Monday, April 16, 2007

Sin

Many scientific articles are forgettable and should had never been published. I am one of the many culprits. Even if I have written only a few articles in 22 years of research, there is not a single article I am proud of. There is a single article, instead, I should be extremely ashamed of:

A new criterion for automatic phase correction of high-resolution NMR spectra which does not require isolated or symmetrical lines

J. Magn. Reson., Ser. A - 1994, vol. 110, pp. 19-25

It correctly describes a method (called ZOE) that, unfortunately, doesn't work at all. This is what happened. After successfully testing my new ZOE on the only 1-H spectrum I had on my computer, I was so eager to publish the method that I performed no other test. You should know that in those years it was extremely painful to transfer a spectrum, especially from an old spectrometer like mine (I had set up a method to send it through the parallel printer port of the Gemini into the modem port of a Mac Plus). After having submitted the article, I had the opportunity to transfer more spectra and was disappointed by the failure of my ZOE method when applied to a large sample of spectra. It was not even the case of trying to improve it. It just doesn't work. I was so disappointed that I didn't even care about withdrawing the article. During the submission time I could think about it. I was publishing so little in my career and I didn't want to renounce to a single chance. I did just nothing and kept the secret for myself. The article was approved (without modifications!) and never demolished afterwards. I do hope that nobody else wasted her time trying to rewrite the algorithm and test it...
You shouldn't be surprised, because the literature abounds of such articles that claim to have found the (ultimate/definitive/astonishing...) solution for automatic phase correction and they never work. It's not dramatic because many chemists can't even notice a phase error as large as 5 degrees, at least in 1D spectroscopy. When I published iNMR 1.0 back in the beginning of 2006, a blogger had the bad idea of writing a review on it. The sad thing of the review was that contained a picture of a spectrum, and it was (to my eyes) terribly out of phase. I wrote to the author of the review: "I don't expect the average chemist to be a wizard in automatic phase correction, but I expect such a thing from a serious reviewer). Daniel Kaesmair removed the review from the web (but you can still find an older one related to iNMR 0.0).
What I want to say is that most chemist don't care if the phase is not perfect and tend to believe that whatever automatic algorithm they are using is OK. In reality we haven't found yet an algorithm that always work. I don't know if we'll succeed neither, because I often find some spectra that can't be phased at all, even manually (they contain some spikes or sharp solvent peaks whose phase is completely different from the rest of the spectrum). In March 2007 I advertised a new automatic phase correction algorithm, designed for metabolomic experiments in fluids, shipped with iNMR 2.1.4 (and slightly revised in version 2.1.8). It has been intensively tested. I have already applied it on more than 100 cases. Other people have also tested it and are using it for research. Today I don't care about the list of publication in my CV (I don't even have a CV...), I only try to sell the software. In theory, admitting that my method is the best on the market, I should keep it secret, cover my algorithm with a patent a make as much money as I can. In practice, however, the only way to be noticed is just to disclose the method and publish it on JMR or another journal. I don't know how this story may continue, neither this is the reason of this post.
All I have said so far is merely the premise to the news of the day. On Sunday my close friends Carlos and Stan have published a poster explaining yet another method, called eDispa. I had never seen such a complicated explanation before, at least in the field of phase correction of NMR spectra. I should try to study it a little more better tomorrow, but I am not motivated.
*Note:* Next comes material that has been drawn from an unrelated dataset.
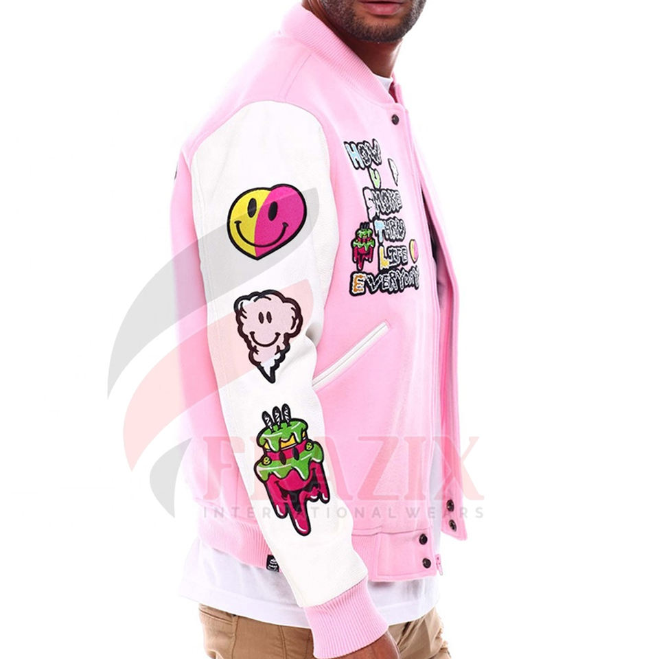 Product Name:Fleece Fabric Bomber Jacket With Chenille Embroidery Patches

I prefer testing the compiled program before wasting my time studying the equations. I suspect that eDispa, just like all the methods that came before it, will disappear into oblivion. The old DISPA, in particular, is one of the most overrated algorithms in the whole NMR field. They say the new eDISPA works, but this is exactly what I wrote about my ZOE in 1994. I bet that eDISPA is better than ZOE. During the week I will explain why I can't bet that it is the definitive automatic phase algorithm.